Once you find the line with "- black perforated" in the entries below, print it and each line after it up to and including the line with "6時間目、2年生は体育館で生", exactly, without pictures.

━━ Data to process ━━

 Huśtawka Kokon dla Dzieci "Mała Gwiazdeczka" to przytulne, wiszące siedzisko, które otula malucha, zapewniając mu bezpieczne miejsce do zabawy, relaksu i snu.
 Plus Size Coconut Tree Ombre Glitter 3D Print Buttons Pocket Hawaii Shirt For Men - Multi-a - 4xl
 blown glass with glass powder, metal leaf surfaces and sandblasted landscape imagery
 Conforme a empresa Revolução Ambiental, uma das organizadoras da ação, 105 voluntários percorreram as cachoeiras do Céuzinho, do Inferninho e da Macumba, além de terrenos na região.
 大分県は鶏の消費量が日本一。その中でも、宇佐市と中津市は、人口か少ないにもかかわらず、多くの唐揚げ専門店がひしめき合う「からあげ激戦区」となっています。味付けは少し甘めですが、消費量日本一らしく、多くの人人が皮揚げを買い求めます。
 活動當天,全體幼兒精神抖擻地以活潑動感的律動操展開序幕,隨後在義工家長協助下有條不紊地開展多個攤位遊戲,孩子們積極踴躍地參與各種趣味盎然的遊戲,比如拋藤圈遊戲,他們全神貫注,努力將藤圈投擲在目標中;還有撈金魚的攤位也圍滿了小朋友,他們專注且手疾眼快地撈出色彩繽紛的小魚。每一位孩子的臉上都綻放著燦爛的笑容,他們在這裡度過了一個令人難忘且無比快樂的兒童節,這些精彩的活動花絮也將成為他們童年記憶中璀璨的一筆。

━━━
━━ Data to process ━━

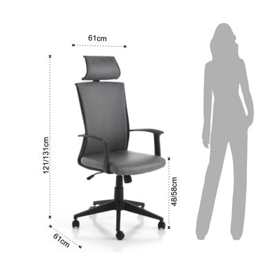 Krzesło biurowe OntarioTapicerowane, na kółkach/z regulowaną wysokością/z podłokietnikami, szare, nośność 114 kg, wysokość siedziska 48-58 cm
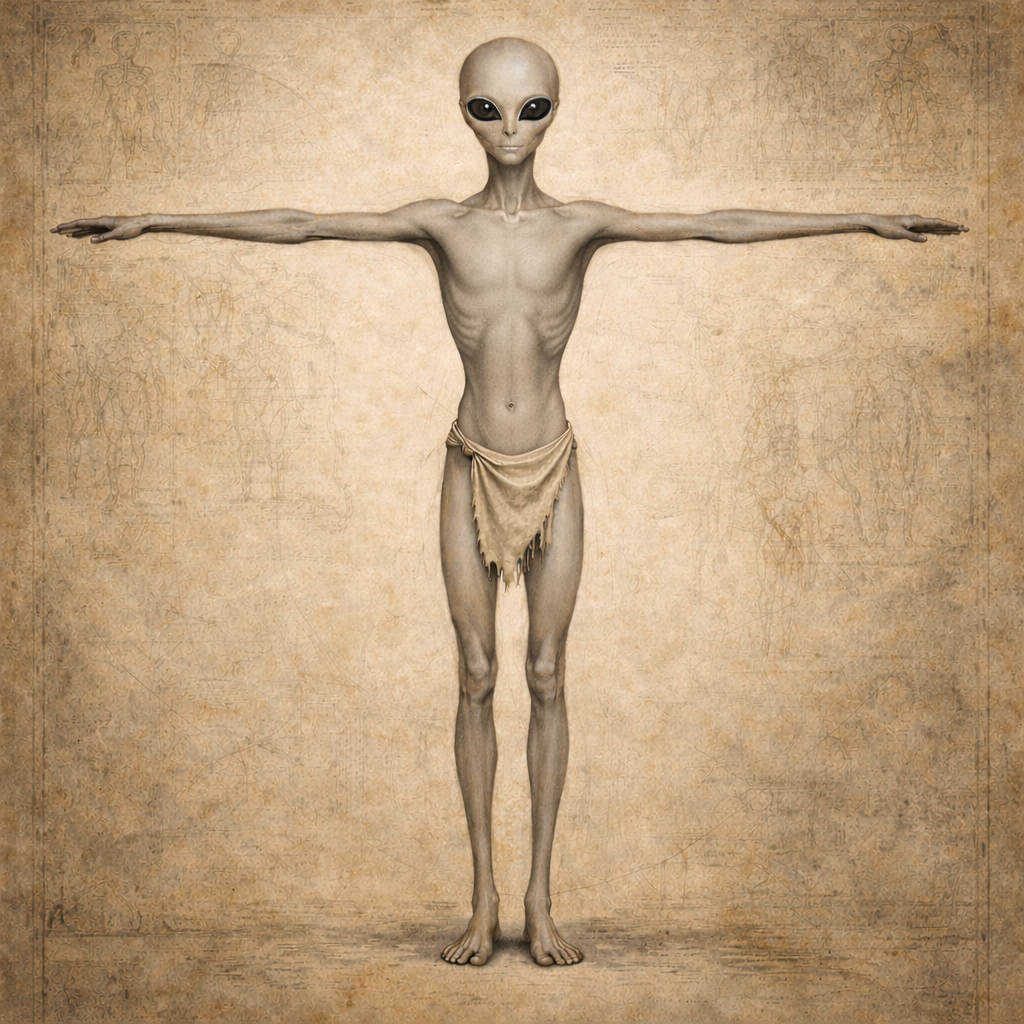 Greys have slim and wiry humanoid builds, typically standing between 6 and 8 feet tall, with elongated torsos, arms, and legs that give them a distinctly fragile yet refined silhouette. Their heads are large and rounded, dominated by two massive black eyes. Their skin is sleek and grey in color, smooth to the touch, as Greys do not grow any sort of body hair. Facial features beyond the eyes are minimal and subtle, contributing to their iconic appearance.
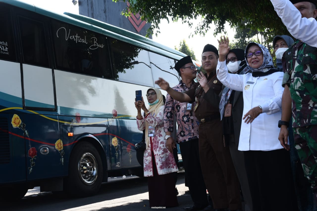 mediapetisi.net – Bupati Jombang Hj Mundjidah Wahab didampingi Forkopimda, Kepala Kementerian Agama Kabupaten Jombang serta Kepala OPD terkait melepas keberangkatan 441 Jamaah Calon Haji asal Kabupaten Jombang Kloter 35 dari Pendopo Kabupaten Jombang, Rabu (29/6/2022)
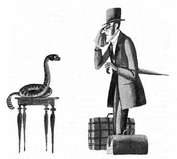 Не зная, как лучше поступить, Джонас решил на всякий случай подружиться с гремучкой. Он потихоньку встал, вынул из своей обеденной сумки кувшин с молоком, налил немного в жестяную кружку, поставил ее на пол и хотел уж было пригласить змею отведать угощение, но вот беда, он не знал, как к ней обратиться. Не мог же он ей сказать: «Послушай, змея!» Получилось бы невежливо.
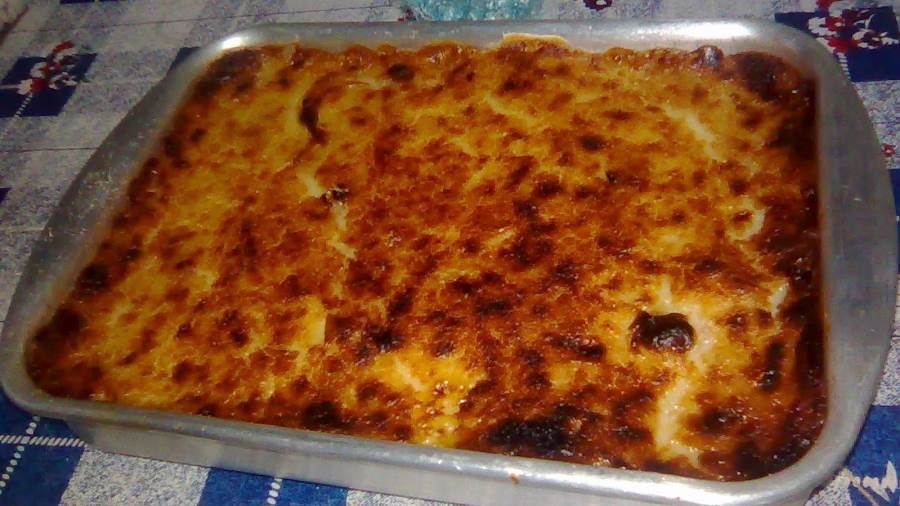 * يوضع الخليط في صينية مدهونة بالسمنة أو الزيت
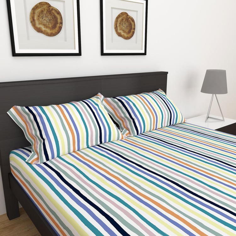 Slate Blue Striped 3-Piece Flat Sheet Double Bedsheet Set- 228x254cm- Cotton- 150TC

━━━
━━ Data to process ━━

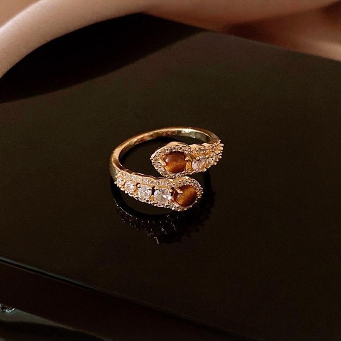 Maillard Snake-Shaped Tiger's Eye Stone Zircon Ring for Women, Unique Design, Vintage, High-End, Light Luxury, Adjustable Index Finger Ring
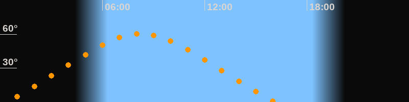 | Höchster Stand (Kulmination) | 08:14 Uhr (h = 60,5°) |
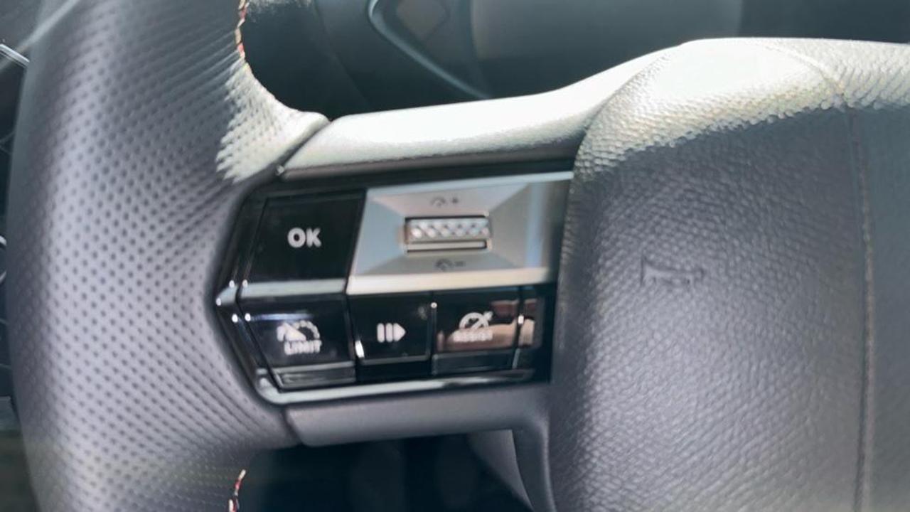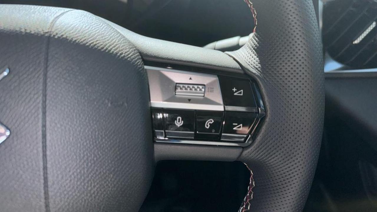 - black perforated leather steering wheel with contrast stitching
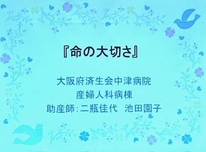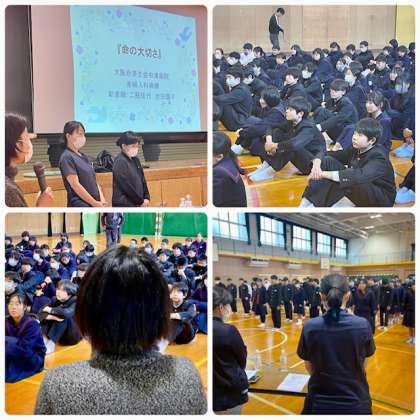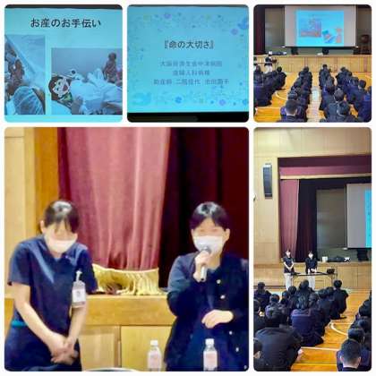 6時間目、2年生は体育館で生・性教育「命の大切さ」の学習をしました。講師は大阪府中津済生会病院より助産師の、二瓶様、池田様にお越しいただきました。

━━━

## [Answer to the exercise]
 - black perforated leather steering wheel with contrast stitching
 6時間目、2年生は体育館で生・性教育「命の大切さ」の学習をしました。講師は大阪府中津済生会病院より助産師の、二瓶様、池田様にお越しいただきました。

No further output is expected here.